Vi a los tres aparatos picar casi de forma suicida. Creo que no habría mas de 6 metros de separación entre uno y otro, formando una sostenida línea oblicua cuyo extremo apuntaba al anillo de la torre. El Tigre de Bengala no tuvo en esta ocasión oportunidad alguna, al encontrarse parado su motor y destacando en la cima truncada de la loma. A unos 40 ó 50 metros de distancia del objetivo, los tres Tifones dispararon tres enjambres de cohetes que, consecutiva e inmediatamente, impactaron en la unión de la barcaza y la torre. Pasó una décima de segundo y parecía como si se hubiera suspendido el tiempo sin resultado alguno. Una décima de segundo más tarde una tremenda bola roja, que parecía tener consistencia propia, elevó la torre del Tigre a más de seis metros de altura, al mismo tiempo que el resto del blindado parecía ser arrastrado por una locomotora ladera abajo de la loma. Un segundo después, una pavorosa deflagración partió el carro por la mitad como si fuera mantequilla, no dejando mas que hierros y planchas retorcidas y ennegrecidas en la parte trasera. La torreta, también incendiada y ennegrecida cayó entre unos arbustos, a unos doce metros de distancia tras rodar por la pendiente. Así terminó su existencia de destrucción aquella oscura y maldita bestia.....

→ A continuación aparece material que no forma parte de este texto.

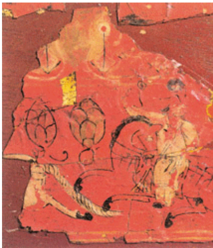
鲜卑族漆绘木棺 南北朝

南北朝时期，民间美术活动十分兴盛，技巧日益提高。绘画艺术依靠民间活动和专业创作相互促进而不断发展。这些漆绘屏风就是当时民间美术的代表作。描绘精致灵活，人物栩栩如生。
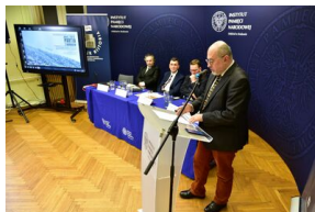
Pierwszy dzień konferencji.
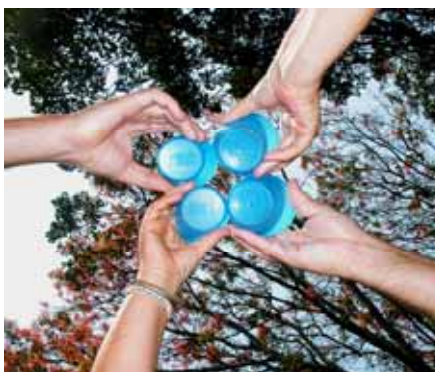
.....cin cin !

Otto mesi difficili da descrivere e anche, a tratti, da ricordare. Tante sono state le emozioni, tanti gli incontri e le domande che ci siamo poste. Impossibile fare un’ analisi di tutto il “visto e il vissuto” di questo viaggio, ma sicuramente è un’ esperienza che rimarrà in modo indelebile dentro di noi.
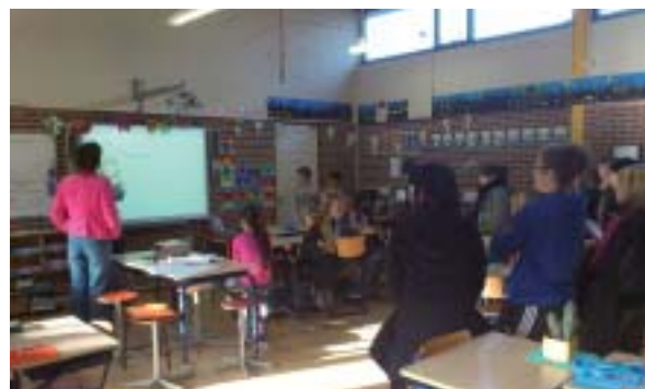
Visite d'une classe équipée d'un tableau interactif.

Durant une semaine, les élèves de BEPA à la MFR de La Pommeraye ont découvert les paysages du pays et apprécié ses spécialités.
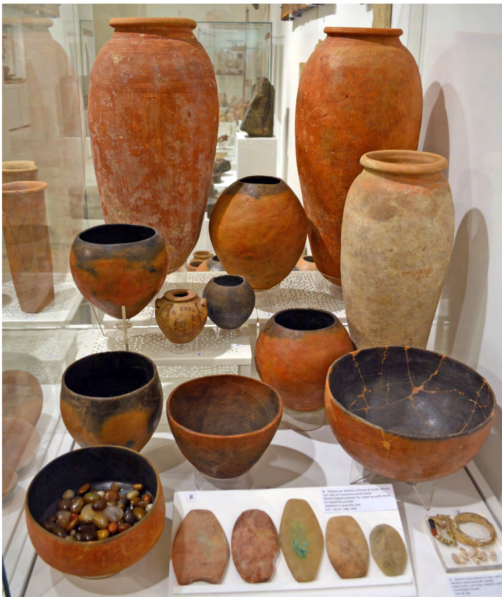
Fig. 18 - Alcuni elementi dei corredi della necropoli di Antinoe esposti nella vetrina 20.
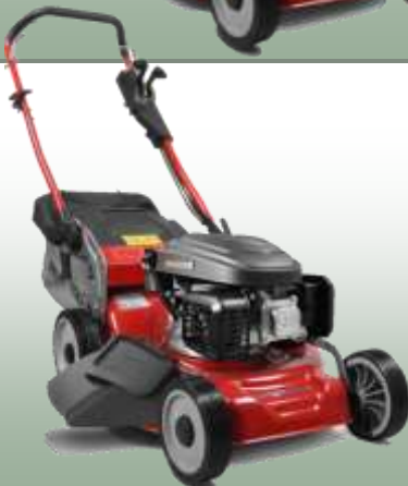
WB 456 SC V 3-1

Motor: Loncin 166cc Elektrostart: nein Schnittbreite: 45 cm Radantrieb: variabel Gehäuse: Stahl Fangkorb: 55 L Mulchfunktion: ja
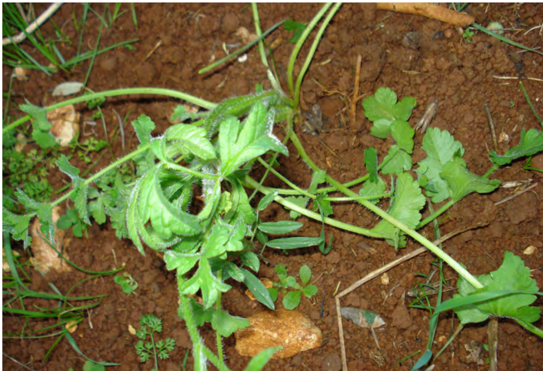
Tordylium arulum . Ροζέτα (Πρωτότυπη εικόνα)

Είναι πόα μονοετής, αρωματική με βλαστό τριχωτό, αυλακωτό κατά μήκος. Τα φύλλα είναι τριχωτά, τα κατώτερα πτεροσχιδή, βαθέως οδοντωτά, τα ανώτερα γραμμοειδή, σφηνοειδή και τα άνθη είναι λευκά. Η άνθιση γίνεται από τον Απρίλιο έως το Μάιο.
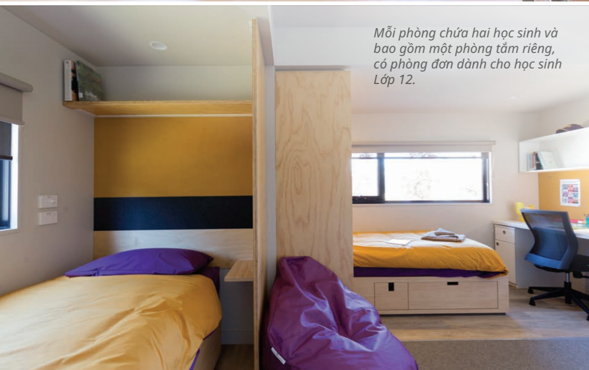
Mỗi phòng chứa hai học sinh và bao gồm một phòng tắm riêng, có phòng đơn dành cho học sinh Lớp 12.
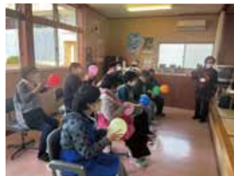
上手くりズムに乗れるかな？

町ダイヤモンドクラブでは、健康増進にと、運動・文化活動を実施しています。 詳しくは町ダイヤモンドクラブ事務局に相談ください。 問い合わせ ダイヤモンドクラブ Tel. 70-3010
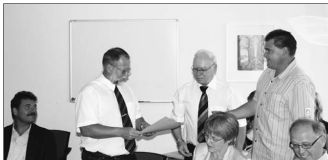
Der neue Amtsvorsteher mit seinen Stellvertretern
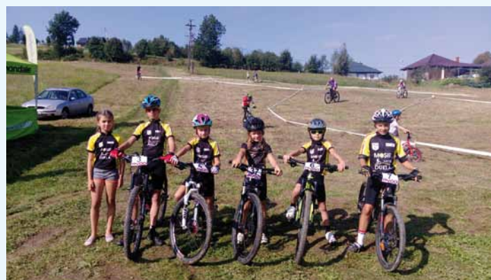
Zawodnicy MOSiR Dukla
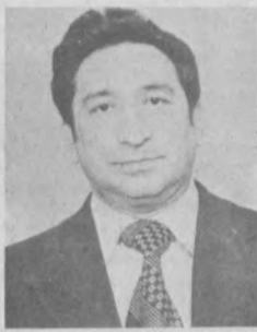
Удостоен почетного звания «Заслуженный экономист Узбекской ССР».

Является народным депутатом Республики Узбекистан.
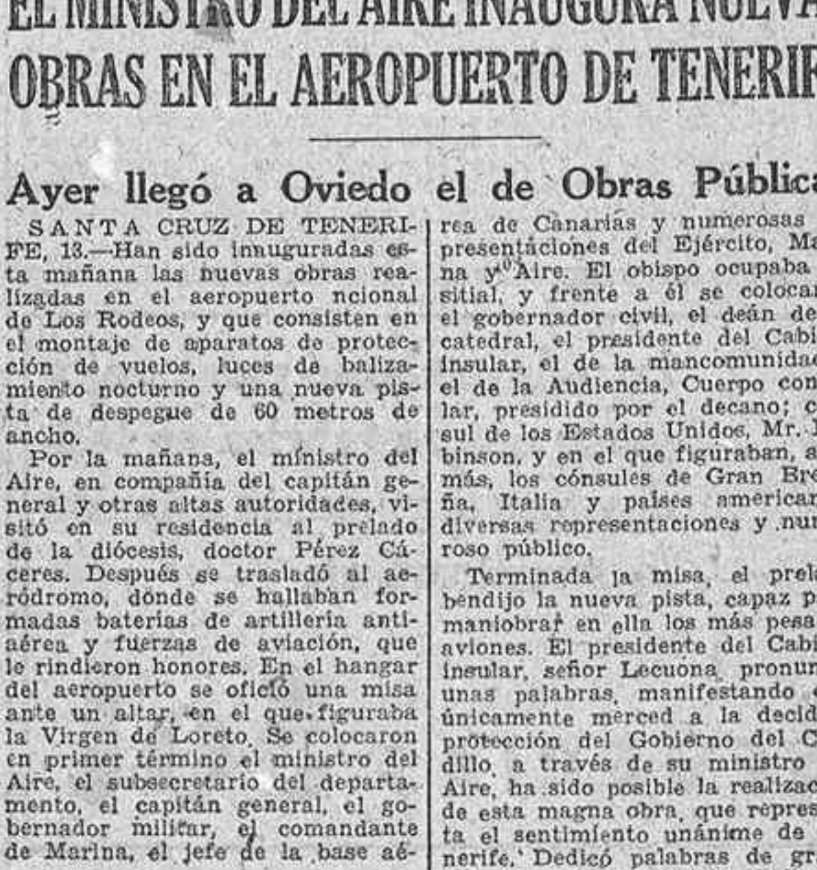
Después pronunció un discurso el ministro del Aire, en el que puso de manifiesto la satisfacción que sentía por hallarse de nuevo en Tenerife...

Un grito clamoroso, contenido y entusiasta se escapó al mismo tiempo de las gargantas de todos los paracaidistas británicos. Las boinas rojas volaron por el cielo y algunos de aquellos aguerridos soldados lloraron de emoción, recordando sobre todo a sus compañeros caídos en la batalla bajo las fauces destructoras del carro alemán . Los tres Hawker Typhoon alabearon sus alas a derecha e izquierda repetidas veces, hasta que se perdieron de vista en el horizonte anaranjado.....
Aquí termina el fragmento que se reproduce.